Third, the right response is not to avoid AI, but to keep deliberate practice somewhere. This is Senwitt's narrow position. We are not a treatment for cognitive debt and we don't claim to be. We are a daily place where short, deliberate, unaided reps happen — across writing, math, code, memory, reading, and reasoning — so that the thinking skills you actually want to own keep getting practiced, even on days when most of the rest of your work runs through AI.
What to read next
- The cognitive offloading explainer — the academic frame this study sits inside, dating back to the 2011 Google effect paper.
- The skill atrophy deep-dive for developers — the same framing applied to coding, where the Anthropic study quantified a 17% drop in skill formation.
- The Senwitt research hub for the full source list and our standing position on what we will and won't claim.
If you want to be the kind of person who reads cognitive-debt headlines and immediately asks "what did the actual paper measure?", that's the right instinct — and the daily-practice answer is on the Skills page.
Three honest caveats on how the study was set up
A few specifics worth keeping in mind when reading any coverage of the study.
Sample size. The MIT study involved around 54 participants — modest by the standards of large-scale cognitive research. The findings are real signals, not population-level generalizations. Replication in larger samples is exactly what the next research wave needs to settle the magnitude of the effect.
The "LLM-only" condition is unusual. Most real-world AI use is mixed — drafting with AI, editing yourself, switching modes mid-document. The MIT condition was strictly LLM-only for the whole essay. That's a cleaner experimental design and a worse model of how people actually use these tools. The real-world effect of mixed use is probably smaller than the LLM-only condition shows.
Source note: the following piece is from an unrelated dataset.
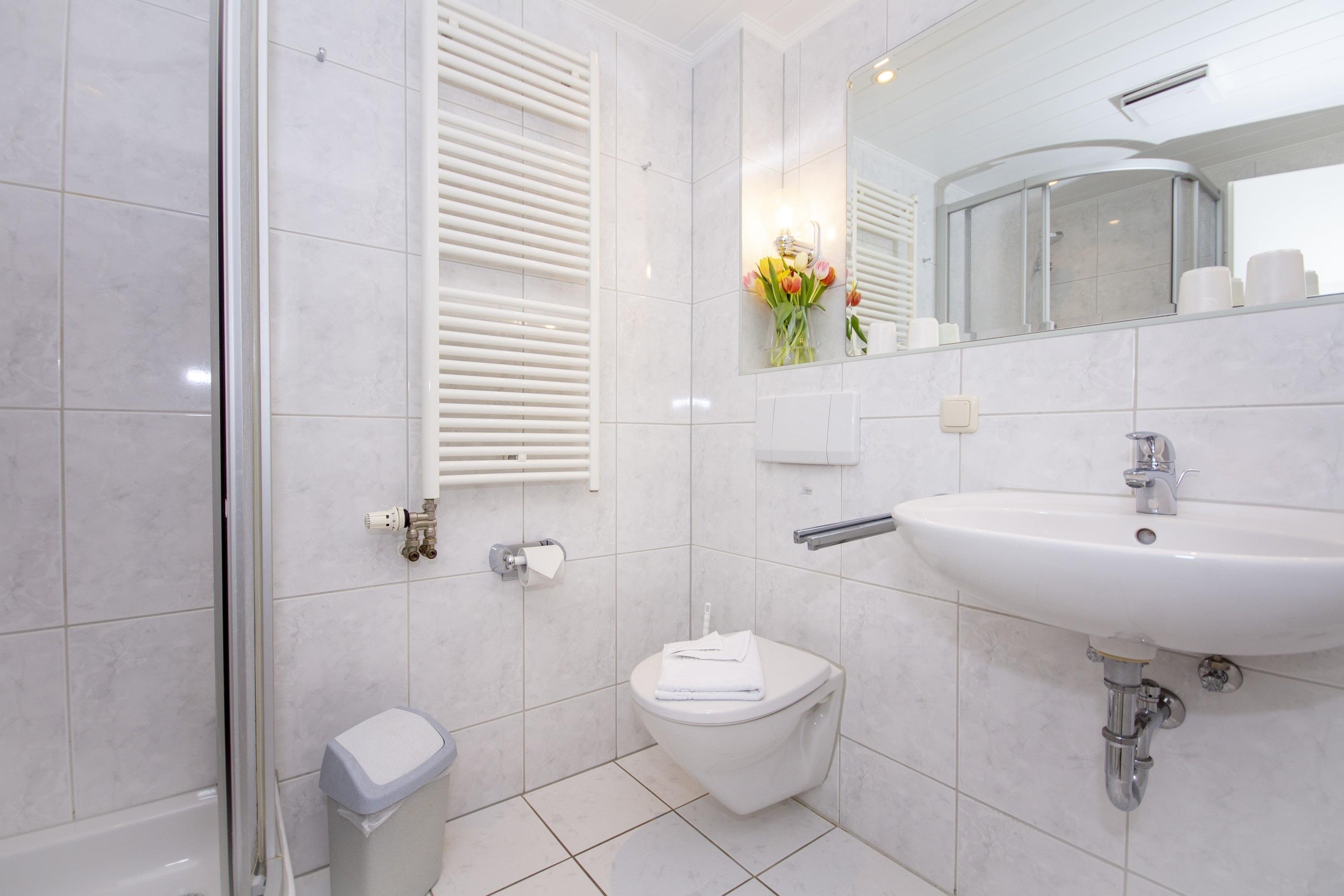 Das hell erleuchtete Badezimmer verfügt über eine Dusche, WC und einen Waschtisch mit großen Spiegel.

The participants were students. Younger participants tend to show larger AI-related effects than older participants in the broader research — likely because their skill-formation pathways are still active and more sensitive to substitution. The MIT findings should be read with that population in mind.
None of these caveats mean the study is wrong. They mean the right way to use it is as a strong signal in a specific direction, not as a universal verdict on AI use.
What the next year of research probably shows
Two things to watch for as the cognitive-debt research line matures.
First, peer-reviewed publication. The 2025 work is currently a preprint. Peer review will sharpen the methodology, and the published version may move the headline findings in either direction. Senwitt's editorial position will update accordingly — we will not call this peer-reviewed evidence until it is.
Second, replication with different conditions. Studies with mixed-use protocols (some AI, some unaided), with non-student populations, with different task types (code, math, design, decision-making), and with longer time horizons are all in the pipeline. The aggregate picture in 2027 will be more nuanced than the single MIT result is in 2026. That's how cognitive science works, and it's the right pace at which to update strong claims.